** What you are asked to do **
An exact copy is all that is wanted: the lines from the one with "Outstanding Orange is" through the end of the listing below, both included, minus any pictures.

** Given data **

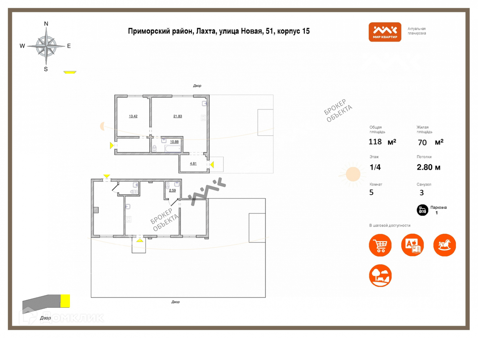 5-комнатная квартира, 117.6 м2, этаж 1 / 4, на продажу в Санкт-Петербурге, Новая улица, 51к15
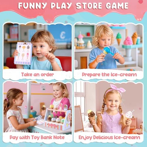 Ehome Wooden Ice Cream Toys Set Pretend Play Food Store for Kids Serve Ice Cream Counter Shop Kitchen Playset with Lucky Wheel, Scoop, Menu, Fake Money for Boys and Girls Ages 3 4 5 6 Birthday Gift
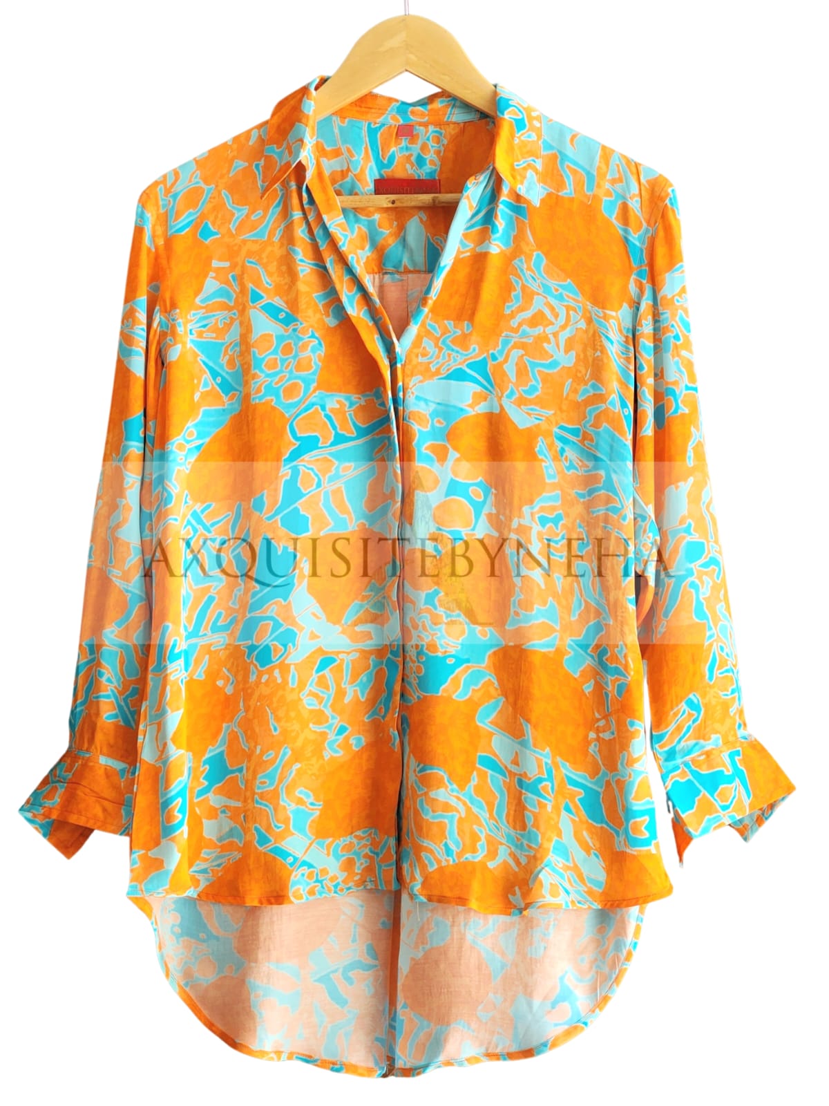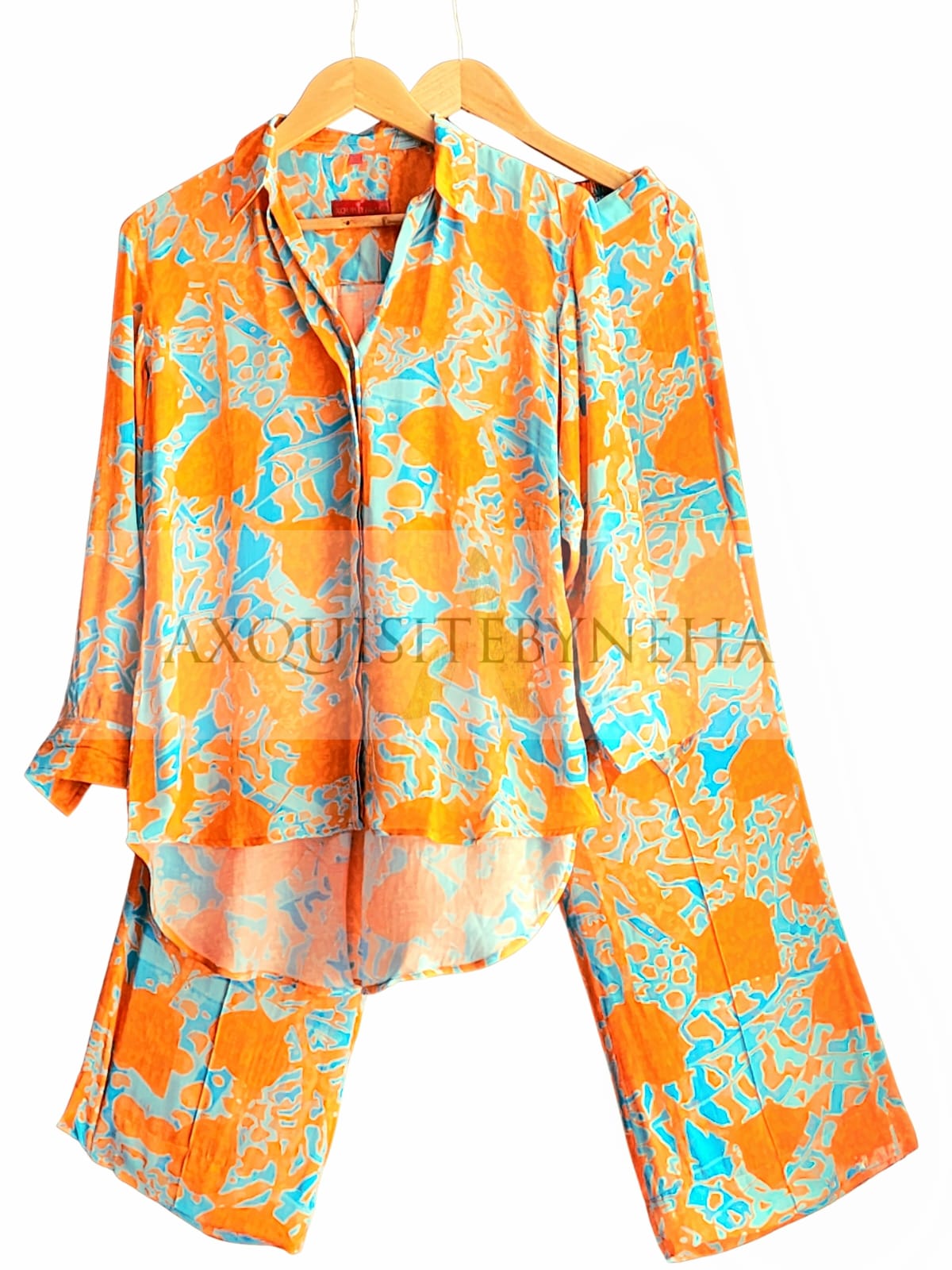 Outstanding Orange is created with precision from a selection of textures and materials and features a hint of turquoise on modal satin. Sizes available for all!
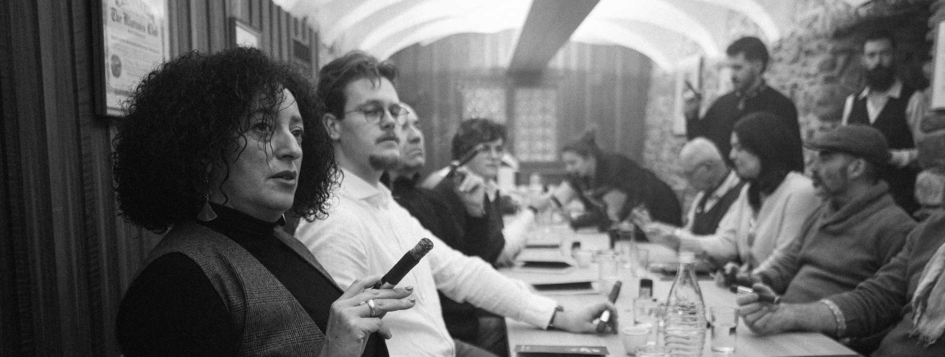 Nimm an unseren Blue Smoke Spirit-Events teil.. Zufällige Begegnungen, in einem Café oder zu Hause: ausgearbeitete Ereignisse, verrückte Paarungen, aber auch megaeinfache Dinge. Wir können uns in einem Schloss mit den Füßen im Wasser treffen oder auf einer Wiese um ein Feuer herum. Wir wollen uns einfach nur treffen, eine gute Zigarre rauchen und gute Dinge essen, SAVOUREUSES.

** Written answer **
 Outstanding Orange is created with precision from a selection of textures and materials and features a hint of turquoise on modal satin. Sizes available for all!
 Nimm an unseren Blue Smoke Spirit-Events teil.. Zufällige Begegnungen, in einem Café oder zu Hause: ausgearbeitete Ereignisse, verrückte Paarungen, aber auch megaeinfache Dinge. Wir können uns in einem Schloss mit den Füßen im Wasser treffen oder auf einer Wiese um ein Feuer herum. Wir wollen uns einfach nur treffen, eine gute Zigarre rauchen und gute Dinge essen, SAVOUREUSES.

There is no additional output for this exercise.